Please set down the data again exactly, minus the pictures.
Supplied material Block Start
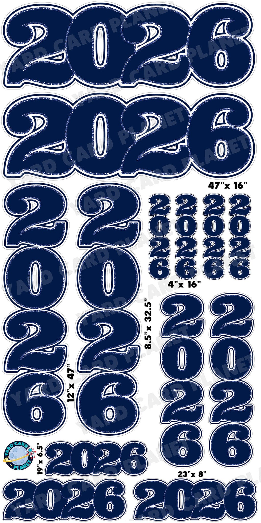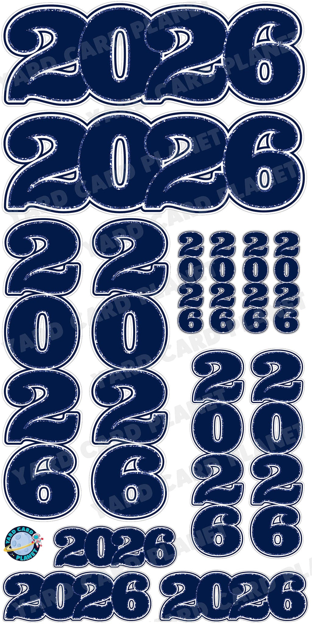The year 2026 will be a special memory for all graduates this graduation season. Fill up your graduation yard card setups with our awesome Navy Blue Solid with Glitter Pattern Trim 2026 EZ Quick Signs and Towers Yard Card Set. These are great for combining with other fun graduation yard card pieces as well as your student's name in their school colors for your graduation lawn signs display. You will receive 13 lawn signs, professionally printed, precision cut and ready to stake in various sizes shown below.
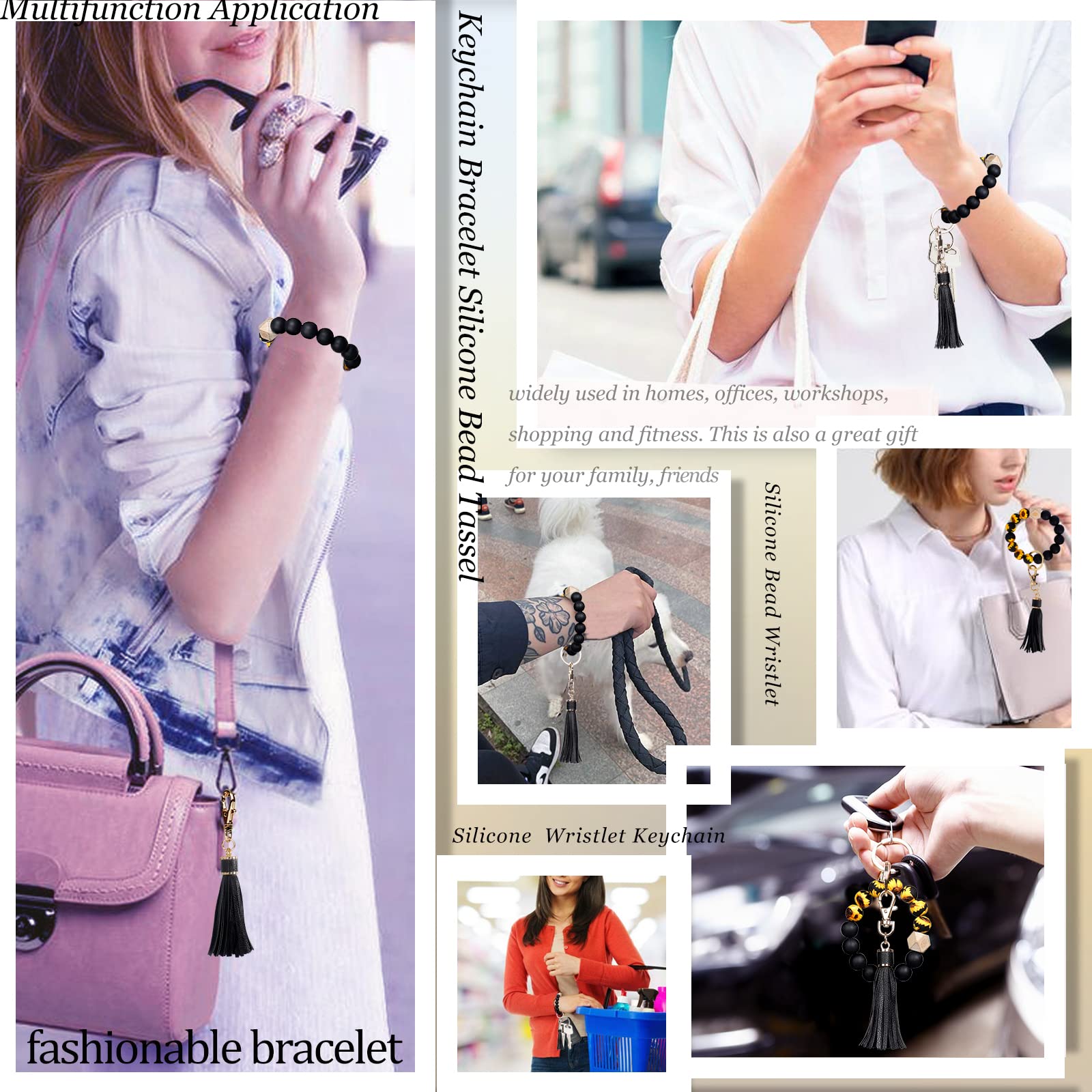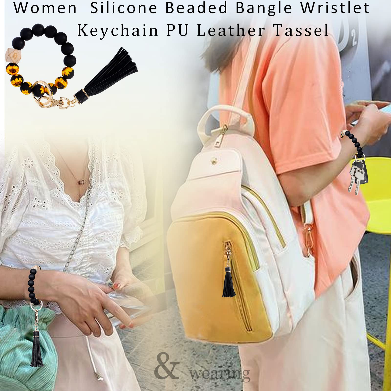 Wear together or separately: keychain bracelet can be wear together whenever, or you can take off the metal key and tassel, then wear silicone beaded bracelet on your wrist , the leather tassel can be used to decorate bags or pendants.
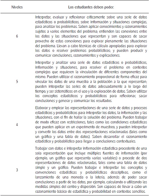 Los conceptos y actividades examinados incluyen la recolección, el análisis y organización de datos, además de su inferencia. En la Tabla 1 se describen las tareas y niveles de desempeño en esta sub-escala:
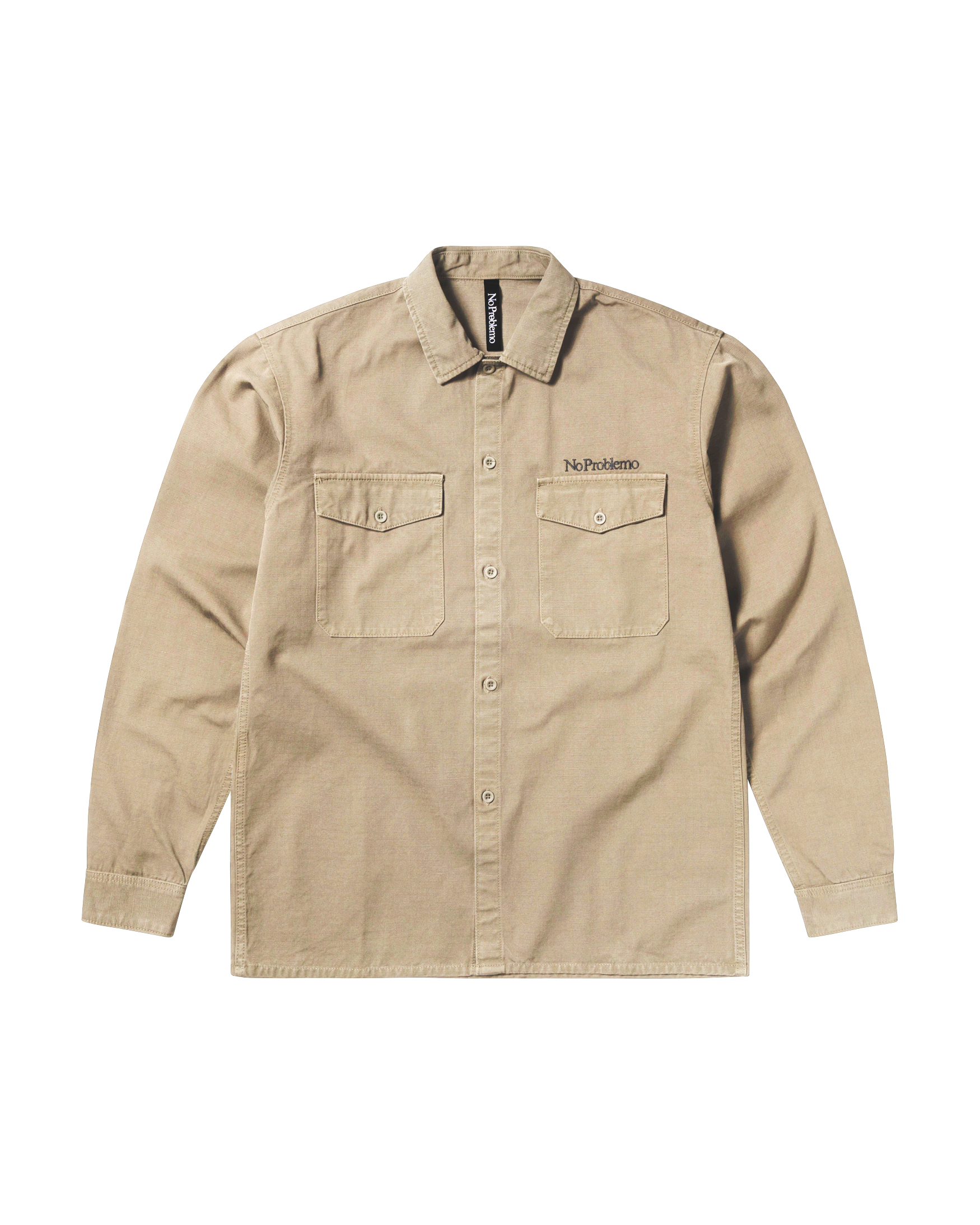 Unisex long sleeved uniform style shirt made from ripstop cotton with patch pocket on chest and a zip down the centre front.
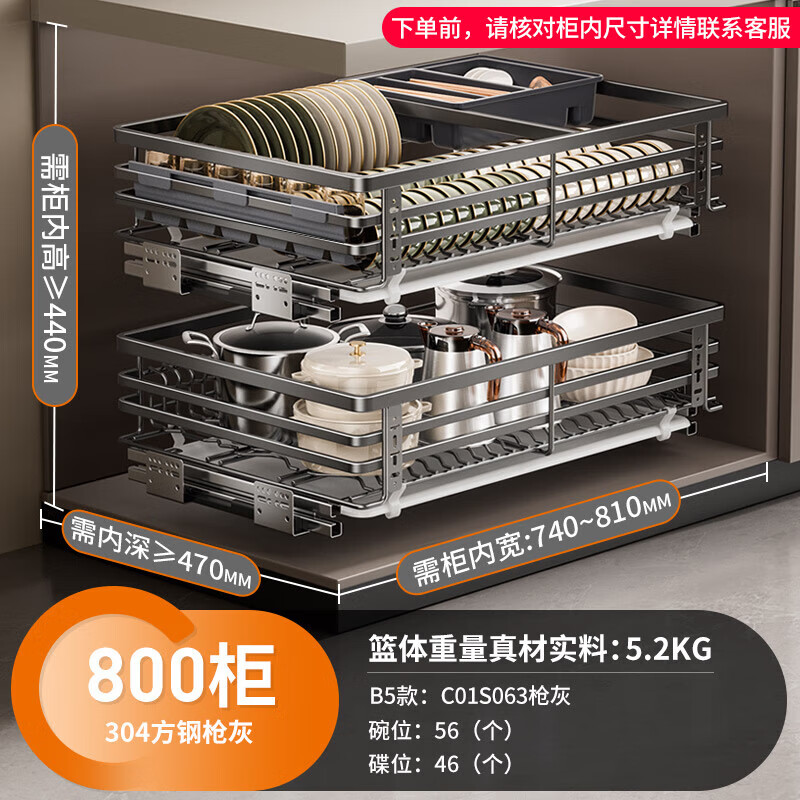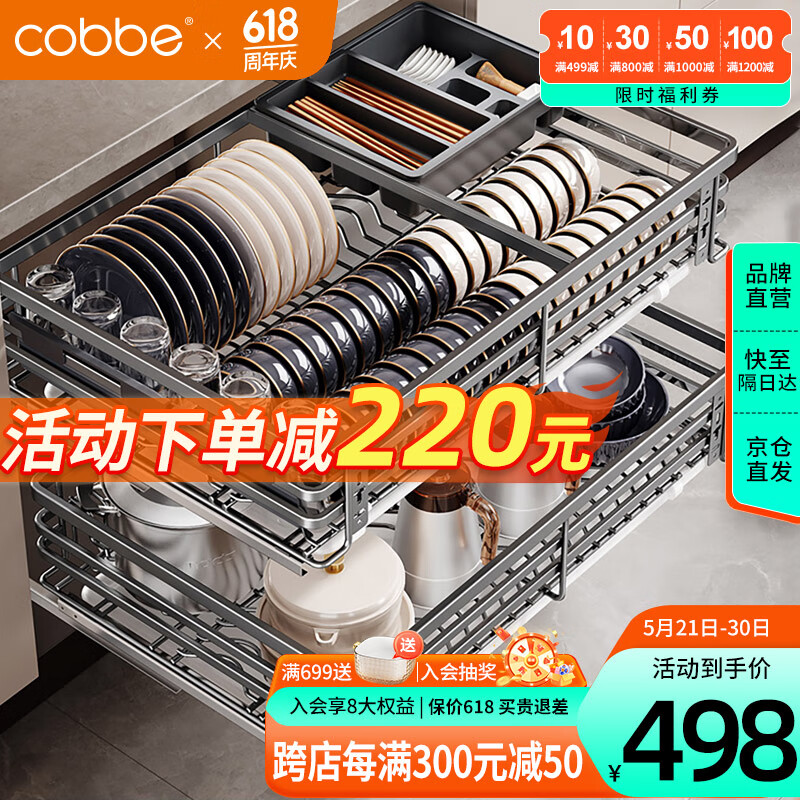 卡贝(cobbe)拉篮厨房橱柜304不锈钢厨柜碗筷抽屉式碗篮置物架调味拉蓝碗碟架价格:718.00元!
Supplied material Block End
• [Exercise response]
The year 2026 will be a special memory for all graduates this graduation season. Fill up your graduation yard card setups with our awesome Navy Blue Solid with Glitter Pattern Trim 2026 EZ Quick Signs and Towers Yard Card Set. These are great for combining with other fun graduation yard card pieces as well as your student's name in their school colors for your graduation lawn signs display. You will receive 13 lawn signs, professionally printed, precision cut and ready to stake in various sizes shown below.
 Wear together or separately: keychain bracelet can be wear together whenever, or you can take off the metal key and tassel, then wear silicone beaded bracelet on your wrist , the leather tassel can be used to decorate bags or pendants.
 Los conceptos y actividades examinados incluyen la recolección, el análisis y organización de datos, además de su inferencia. En la Tabla 1 se describen las tareas y niveles de desempeño en esta sub-escala:
 Unisex long sleeved uniform style shirt made from ripstop cotton with patch pocket on chest and a zip down the centre front.
 卡贝(cobbe)拉篮厨房橱柜304不锈钢厨柜碗筷抽屉式碗篮置物架调味拉蓝碗碟架价格:718.00元!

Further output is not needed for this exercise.